Samedi, l’Amérique a renoué avec ses vieux démons. D’un océan à l’autre, la colère a grondé : à New York, Los Angeles, Chicago, des foules bigarrées ont envahi les rues, pancartes brandies, voix éraillées, pour crier haut et fort leur rejet de la politique de Donald Trump, revenu à la Maison-Blanche comme un boomerang lancé par l’Histoire. Le mot d’ordre ? « No Kings », pas de rois, pas de couronne pour un président qui se rêve monarque.
Dans l’air, un parfum de déjà-vu, mais aussi une énergie nouvelle. Les manifestants, jeunes et moins jeunes, progressistes, syndicalistes, étudiants, artistes, brandissaient des slogans cinglants : « Democracy, not dynasty », « Trump is not my king », ou encore « America, wake up! ». Les réseaux sociaux vibraient au rythme des vidéos de cortèges, de sit-ins, de happenings artistiques, tandis qu’au sol, la police encadrait, parfois bousculait, les plus téméraires.
Ironie du calendrier : pendant que la rue grondait, Donald Trump, lui, savourait les ors d’une parade militaire grandiose à Washington. Chars rutilants, drapeaux étoilés, discours martiaux : le président semblait savourer chaque minute, insensible à la tempête qui secouait les grandes villes. Un contraste saisissant, presque indécent, entre la solennité de la parade et la fièvre contestataire.

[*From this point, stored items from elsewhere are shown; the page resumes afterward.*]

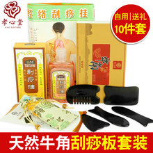 孝心堂刮痧板牛角面部背部全身刮痧板套装天然牛角正品送刮痧油
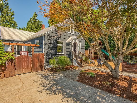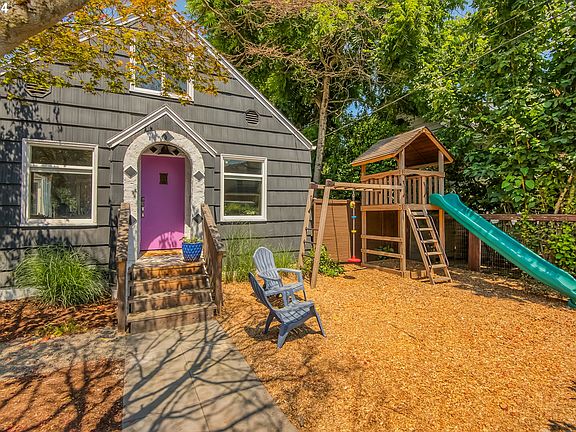 Reduced $25,000 This completely remodeled home is in the thriving, historic St. Johns neighborhood in North Portland. The Tudor style with a lovely lavender door is an open plan with a bedroom and full bathroom on each floor. This home is completely remodeled, and it just shines inside. The living room, with wood floors and a side patio, is spacious. The dining room sits against a giant picture window adorned with a modern industrial pendant light. The kitchen has an oversized cook, prep, eating island, room for bar stools, and a curved built-in dining nook. The kitchen’s palette of sharp grey and white is stunning, and the tile backsplash with dark grout is unique and compliments the SS appliance package. A room off the kitchen can also work well as a space for additional storage, a hutch for cookbooks, and a coffee bar! One bedroom, with a walk-in closet, can double as a workspace on this main level. Adjacent is a fully remodeled bath with a glass-paneled shower, stairs to the upper level, and a sizeable primary suite. Suite has a remodeled second “Spa” bathroom with soft colors, peaked ceilings, a soaking tub, and a large wood shelving unit for towels, lotions, and potions. A Sanctuary! The lower level has two additional bedrooms, another full bath with a walk-in shower, a dedicated laundry room that can be used as an office or play area, and a cozy sitting space. The backyard hosts a concrete patio with a gazebo and a huge covered deck. The yard is fully fenced with a good-sized chicken coop for your Urban Farmer dreams. This area gives your home additional living space for our grey days in Portland and gathering with friends. Between the back door and the patio is a 24 x 6 storage room with a concrete floor for sports equipment and miscellaneous storage. A gated, concrete front driveway opens to the deck off the kitchen for grocery delivery and bikes. Very Walkable 75/Biker’s Paradise 92-Four Bus Lines. (#4, #11, #44 & # 75.) Location, Condition & Price = A+! [Home Energy Score = 1. HES Report at https://rpt.greenbuildingregistry.com/hes/OR10183634]
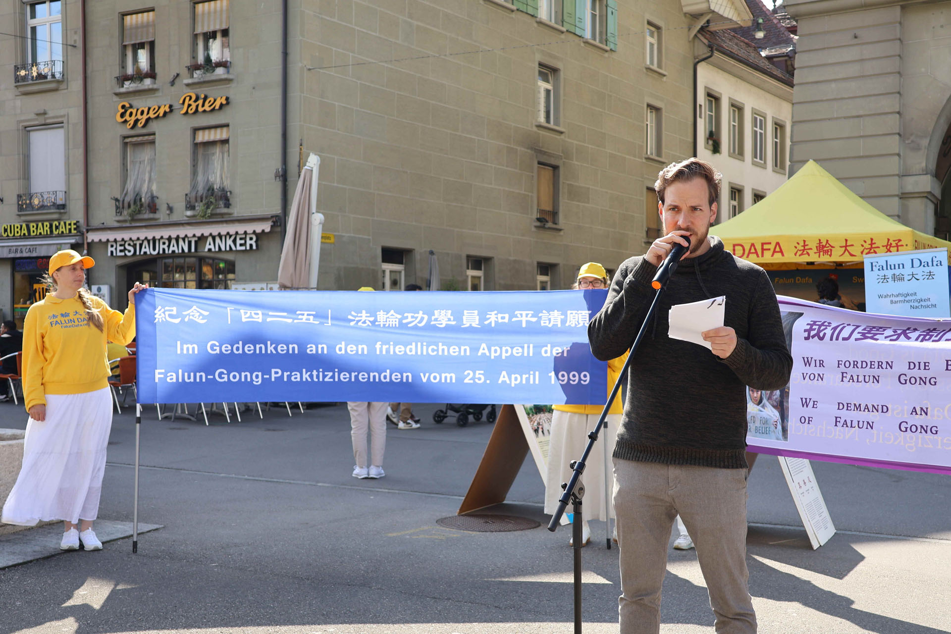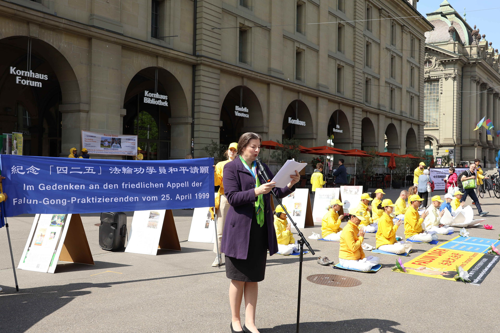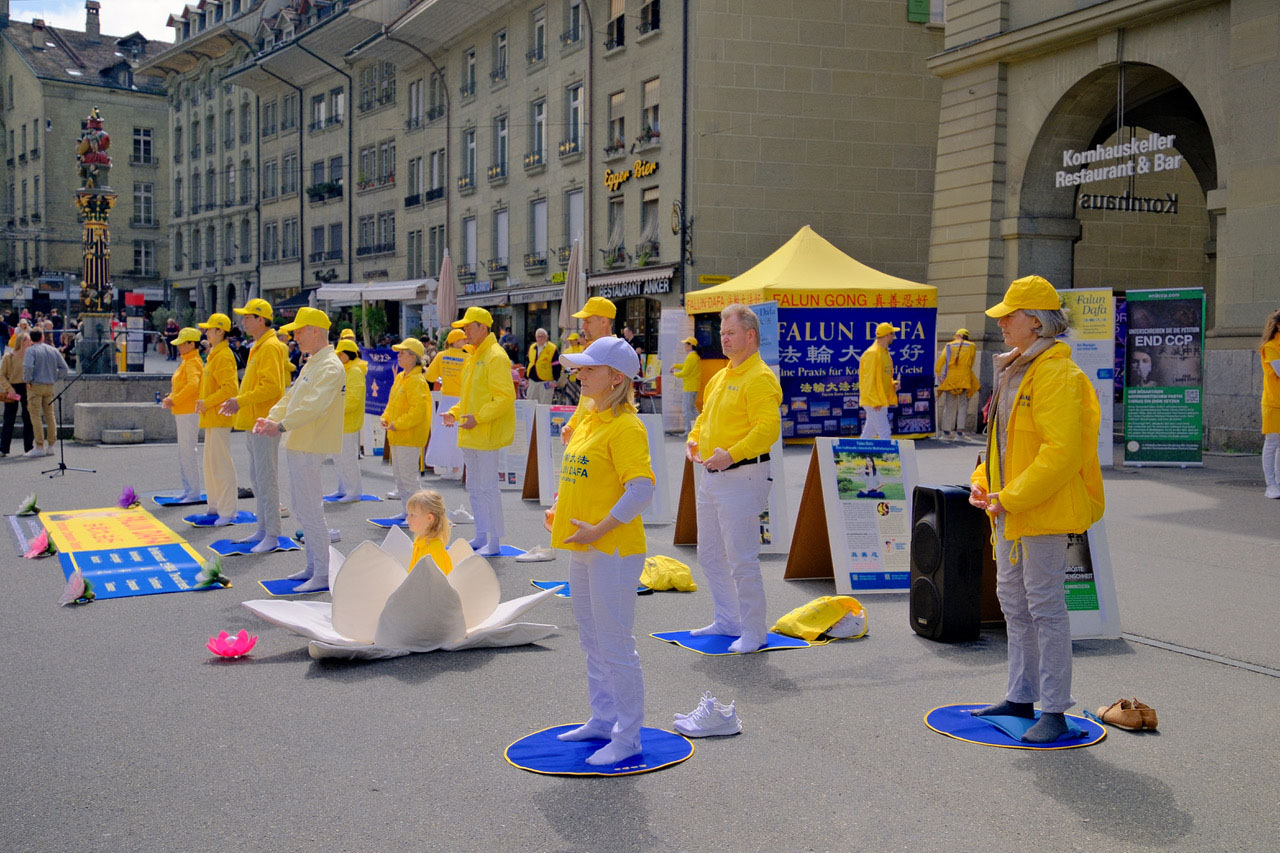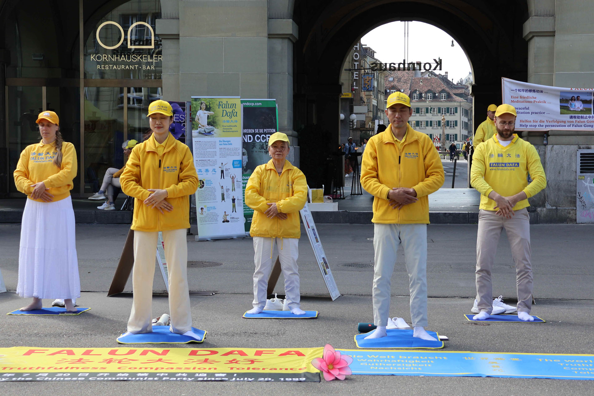 二零二五年四月二十六日下午,法轮功学员再次来到伯尔尼市(Bern)中心,向人们讲述二十六年前让世界惊叹的万人上访的故事,及随后中共的所为。路人有的静静聆听学员们的演讲,有的仔细阅读讲述法轮功故事的真相展板,有的和学员们长时间交谈,了解更多讯息。
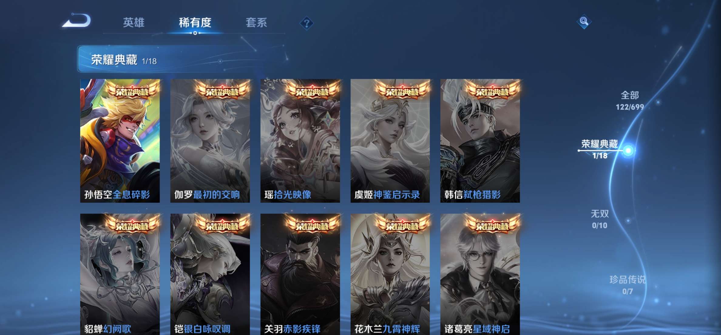 安卓QQ-1典藏-10传说-209皮肤-125英雄-荣耀王者
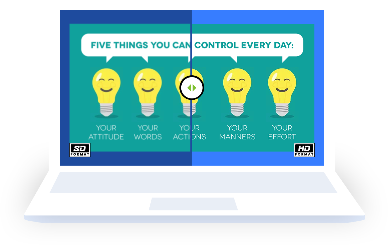 Export your videos in various mp4 qualities from web-ready, all the way to HD

La crainte d’un glissement autoritaire
Dans les cortèges, la peur d’un glissement autoritaire se mêlait à la rage de voir la démocratie piétinée. « On n’a pas fait la révolution pour ça », lançait une manifestante, costume de Lady Liberty sur le dos, brandissant une pancarte « No Kings, No Tyrants ». À ses côtés, un vétéran du Vietnam, drapeau à la main, confiait : « J’ai combattu pour la liberté, pas pour un culte de la personnalité. »
La mobilisation, la plus massive depuis le retour de Trump au pouvoir, rappelle que l’Amérique n’a rien perdu de sa capacité à s’indigner. Mais la fracture demeure béante : pendant que la rue crie « No Kings », la Maison-Blanche, elle, semble avoir troqué la démocratie pour le spectacle. Reste à savoir qui, de la rue ou du trône, l’Histoire retiendra dans les prochains mois, voire, à tout le moins au plus tard à mi-mandat.